The task calls for the lines below from the line with "Fossil - ساعة" to the line with "14.23, 金叉后最高价格13.43,尚未达到预测最高波峰价格, 预期继续上涨", both ends included, copied exactly, without any pictures.

_DATA RECORDS_.
= = = = = = =

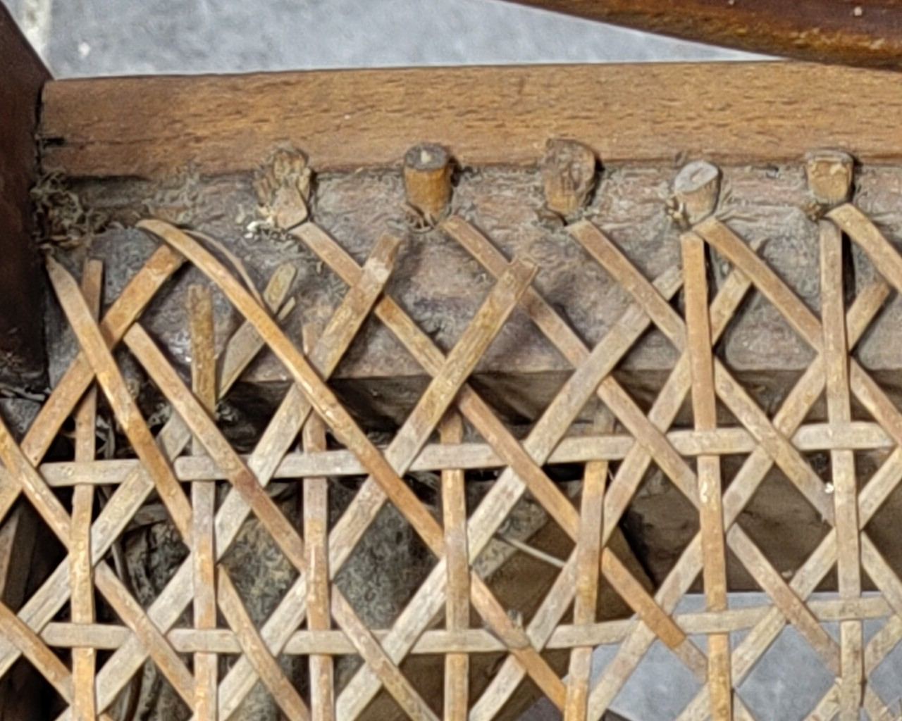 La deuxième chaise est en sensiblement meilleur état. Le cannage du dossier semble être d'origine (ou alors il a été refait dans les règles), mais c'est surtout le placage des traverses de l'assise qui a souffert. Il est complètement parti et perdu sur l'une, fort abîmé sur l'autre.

= = = = = = =

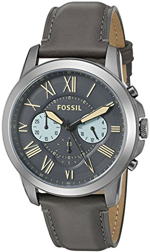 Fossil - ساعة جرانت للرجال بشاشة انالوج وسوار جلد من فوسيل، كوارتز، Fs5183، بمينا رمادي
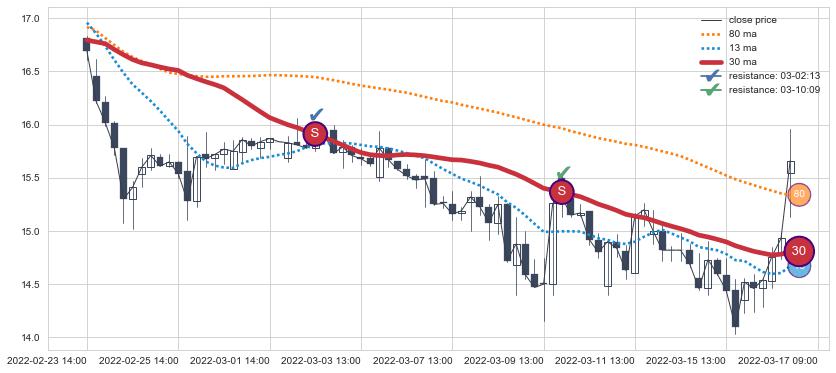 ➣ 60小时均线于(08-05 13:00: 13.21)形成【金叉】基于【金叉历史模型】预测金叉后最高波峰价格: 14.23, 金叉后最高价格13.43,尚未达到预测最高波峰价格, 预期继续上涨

= = = = = = =

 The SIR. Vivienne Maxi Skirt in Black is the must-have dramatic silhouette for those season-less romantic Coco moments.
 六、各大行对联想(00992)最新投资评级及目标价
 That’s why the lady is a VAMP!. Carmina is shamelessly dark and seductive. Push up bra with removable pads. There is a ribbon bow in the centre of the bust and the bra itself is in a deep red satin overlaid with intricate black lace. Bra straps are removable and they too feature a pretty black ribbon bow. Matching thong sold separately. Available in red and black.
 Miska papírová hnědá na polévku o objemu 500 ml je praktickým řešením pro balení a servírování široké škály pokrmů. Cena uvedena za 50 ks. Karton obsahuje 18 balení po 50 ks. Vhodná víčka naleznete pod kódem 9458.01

= = = = = = =

_TASK SOLUTION_.
 Fossil - ساعة جرانت للرجال بشاشة انالوج وسوار جلد من فوسيل، كوارتز، Fs5183، بمينا رمادي
 ➣ 60小时均线于(08-05 13:00: 13.21)形成【金叉】基于【金叉历史模型】预测金叉后最高波峰价格: 14.23, 金叉后最高价格13.43,尚未达到预测最高波峰价格, 预期继续上涨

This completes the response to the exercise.